以前からシュレッド・ギターのファンではないと公言してきたポーキュパイン・ツリーのスティーヴン・ウィルソンが、あらためて「あれは音楽ではなく、スポーツだ」と発言した。

◆スティーヴン・ウィルソン動画

ウィルソンは昨年初め、『FaceCulture』のインタビューで、エドワード・ヴァン・ヘイレンについて、「彼が類まれなミュージシャンだったのはわかっているし、素晴らしいアーティストの訃報はいつだって悲しい」が、自分はシュレッド奏法のファンではなく、「それほど心を動かされなかった」「彼のレガシーは、シュレッダー現象を引き起こしたことで、それは僕にとっては不快だ。

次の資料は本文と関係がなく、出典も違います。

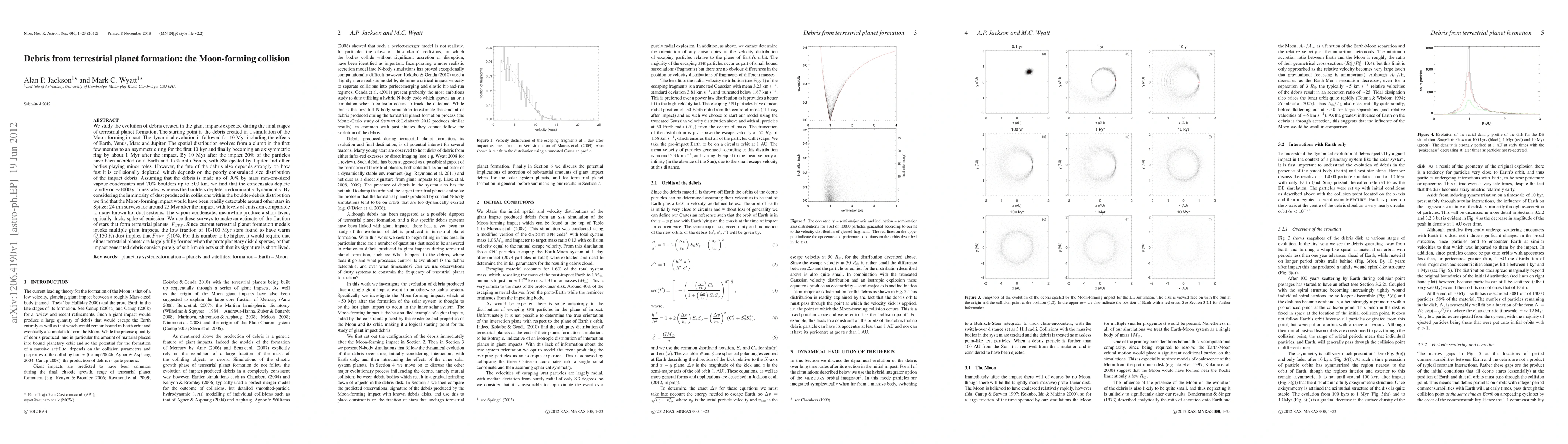 This paper investigates the evolution of debris from the Moon-forming giant impact, showing its transition from a clump to an axisymmetric ring over millions of years. It estimates that 20% of the debris is accreted by Earth and 17% by Venus, with 8% ejected by Jupiter, and suggests that the Moon-forming event could have been detectable in Spitzer surveys for 25 Myr due to its luminosity.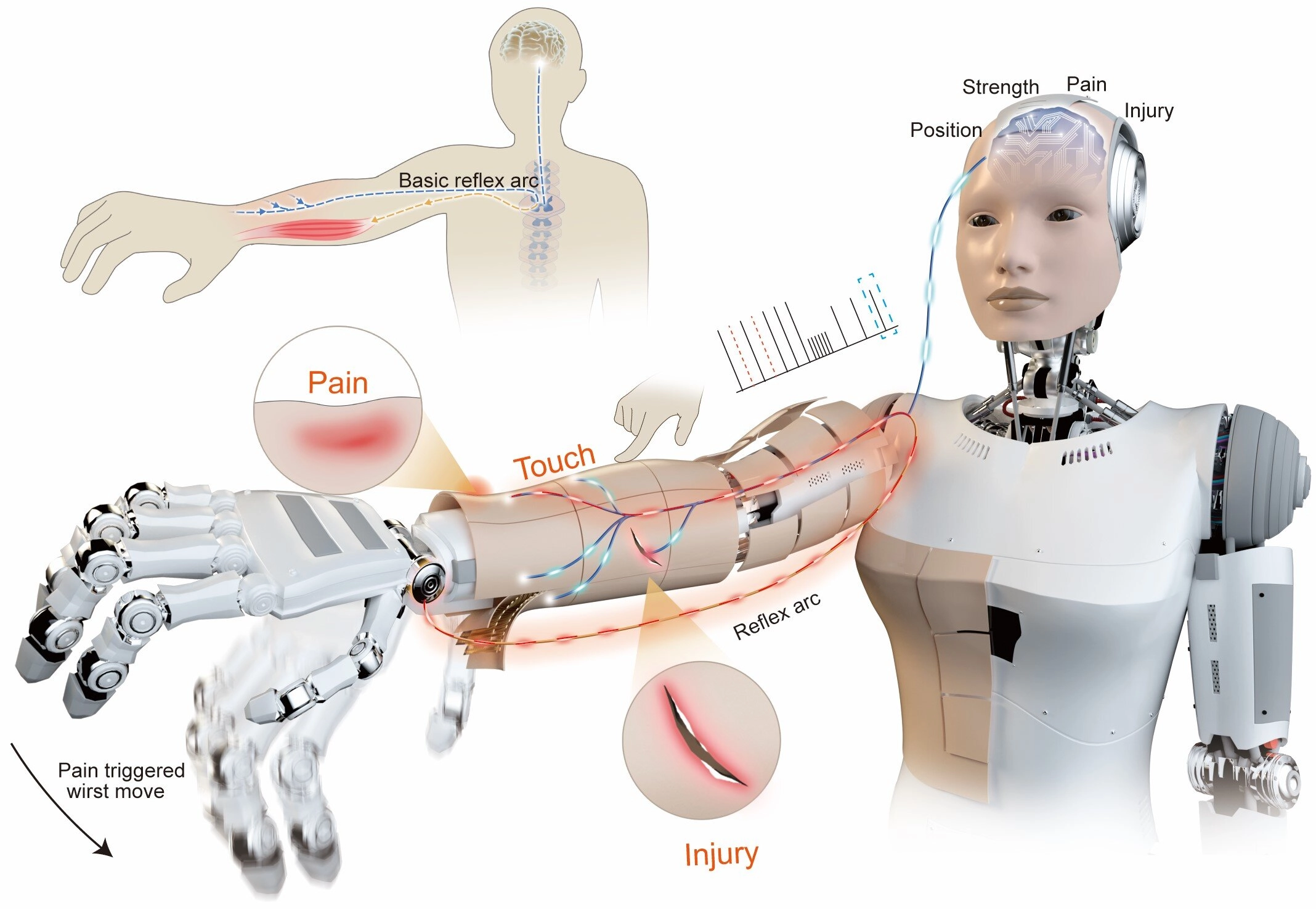 هنگامی که پوست لمس میشود، سیگنالهایی موسوم به «اسپایک» به CPU ارسال میشوند تا فشار معمولی پردازش شود. اما اگر فشار از آستانه تعیینشده فراتر رود، پوست بدون دخالت پردازنده، مستقیماً فرمان واکنش سریع را به موتورها میدهد. این همان چیزی است که در بدن انسان بهعنوان واکنش رفلکسی شناخته میشود.

オリンピックの競技みたいに音楽をプレイするって発想は、創造性と音楽に関する僕の考えに反する」などと話していた。

これに対しては、エドワードの息子ウルフギャングから「彼の言ったことは決して無礼ではないが、すごくガッカリした」「彼が父を“シュレッダー”としか見ていないらしいのは傷つく。もちろん、父はシュレッドができたが、他の“シュレッダー”にはないメロディと技術があった。それに素晴らしいソングライターだった」との抗議の声が上がり、ウィルソンはウルフギャングへ向け「申し訳ない。類まれなミュージシャンだった君の父上に礼を欠くつもりはなかった。僕はヴァン・ヘイレンのレコードを持っていなかったし、あの奏法にのめり込んだこともないが、彼が偉大な革新者だったのは明らかだ」と謝罪した。

だが、ウィルソンがシュレッド・ギターをオリンピック競技のように考えていることに変わりはないようで、彼は最近『Hack Music Theory』のインタビューで、「僕はそういうプレイができる人たちが大好きだが、彼らが常にそういうプレイができるってことをみんなに知らしめる必要があると感じているのは事実だ。僕にしたら、それは音楽ではない。スポーツだ」と話した。

「オリンピックの競技のようだ。これが最良の例えになるよ。僕らが今話していて、言語によりコミュニケーションを取ろうとしているときに、もし僕が1時間100マイル(約160キロ)の速度で語るようだったら、もし僕が力説するでもなく、感情や感覚もなく、明確に話すわけでもなく、ただ言葉を叩き出すだけだったら、それはコミュニケーションじゃない。僕はギター・シュレッダーに対し同じような思いを持ってる。お見事だよ。でも、僕にとってはここ(心)に響くようなコミュニケーションではない」

ポーキュパイン・ツリーは先月、約13年ぶりの新作『Closure / Continuation』を発表した。通算11枚目のスタジオ・アルバムは全英で自身最高位となる2位をマークし、初のトップ10ヒットとなった。